Lameroo Baths were the second ocean baths built in Darwin. The first, built near Fort Hill in 1880, were damaged in a cyclone. The growing popularity of swimming at Lameroo Beach made it an obvious choice for the construction of new baths in central Darwin. It was described at times as a "miniature Manly". According to the Northern Standard; "...that the Town Council were wise in their decision to build the baths on Lameroo Beach is becoming more evident every day particularly on Sundays when the population of Darwin are to be found on the beach."

The Lameroo Baths were officially opened on 14 May 1922 by Mayor, J. F. Burton. The opening was held on a Saturday afternoon in the "presence of a good number of spectators". The baths cost £2,000 to construct. This was considered an enormously costly venture for the time. It was the only swimming pool in Darwin during the early to mid 1900s, as there were no private swimming pools in Darwin until 1955.

Regular swimming carnivals were held at Lameroo Baths, many of which were organised by the Darwin Amateur Swimming Club. A long-time Darwin resident recalled that the Lameroo Baths were surrounded by "a cement wall, topped by palings and with the bathing sheds at the end"

There were numerous shark and crocodile sightings at the beach, but that didn't curb its popularity as a swimming spot.

There were a number of drownings at Lameroo Beach, including Nicholas Callas in 1928, and Joseph Byrne from the North Australian Workers Union in 1950.

By the 1950s, the baths were badly neglected.
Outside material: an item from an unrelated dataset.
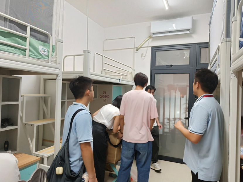 为帮助新生尽快适应校园新环境,辅导员老师们逐一走访新生宿舍。交流中,老师们既亲切询问大家的入学适应情况与实际需求,又细致叮嘱在校期间的安全、作息等注意事项;同时,还特意为即将参加军训考核的同学们加油鼓劲,预祝大家展现顽强拼搏精神,在考核中取得优异成绩。

The Darwin City Council had instead planned for the construction of new swimming pool. They were eventually completely destroyed during Cyclone Tracy in 1974.

==Lameroo Hippies==

Lameroo Beach became a popular location for hippies. In 1966 the East Point Trustees removed illegal campers from East Point Reserve. A number of these campers moved to Lameroo Beach.

Between 1969 and 1974 the number of people camping on Lameroo Beach grew to as high as 400 people. The campers were depicted in the media as a nuisance:

The presence of the hippies has been a constant irritation to Darwin residents. Many hippies have been convicted of shoplifting, vacancy, possession of marihuana and pep pills and indecent exposure – nude swimming.
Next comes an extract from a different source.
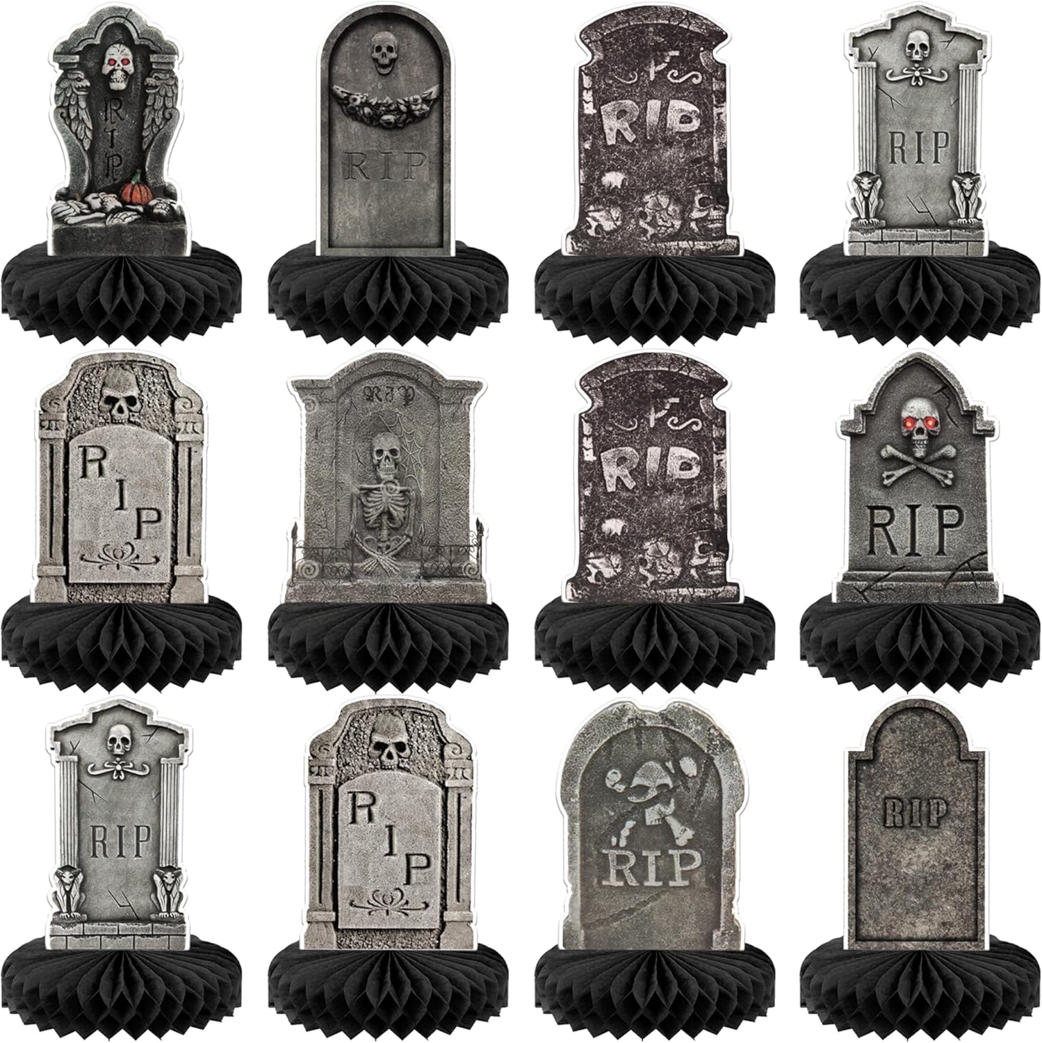 - COMPREHENSIVE PACK OF 12 | EYE-CATCHING DESIGN: Elevate your halloween table centerpieces setup with this pack of 12 halloween honeycomb centerpieces for tables. Each piece features spooky tombstone centerpieces and paper tombstones that instantly transform your space into a haunted graveyard. Perfect for halloween party centerpieces or halloween tombstone decorations, these adorable tombstone table party decor accents create a festive and spooky table atmosphere.

By 1974, Darwin City Council were prosecuting campers that chose to stay on the Beach as trespassers. In February 1974 about 20 campers were forced from the beach by police and 13 tree houses were burned by council inspectors. Many of the campers dispersed to sites further along the foreshore, with some later returning to Lameroo Beach. It was one of the early television stories broadcast from Darwin.

The camp was destroyed during Cyclone Tracy in 1974. Campers returned to Lameroo Beach after the cyclone. As part of the reconstruction plans, Darwin City Council passed legislation making it illegal to camp on the Darwin foreshores, including Lameroo Beach citing the possibility of storm surge.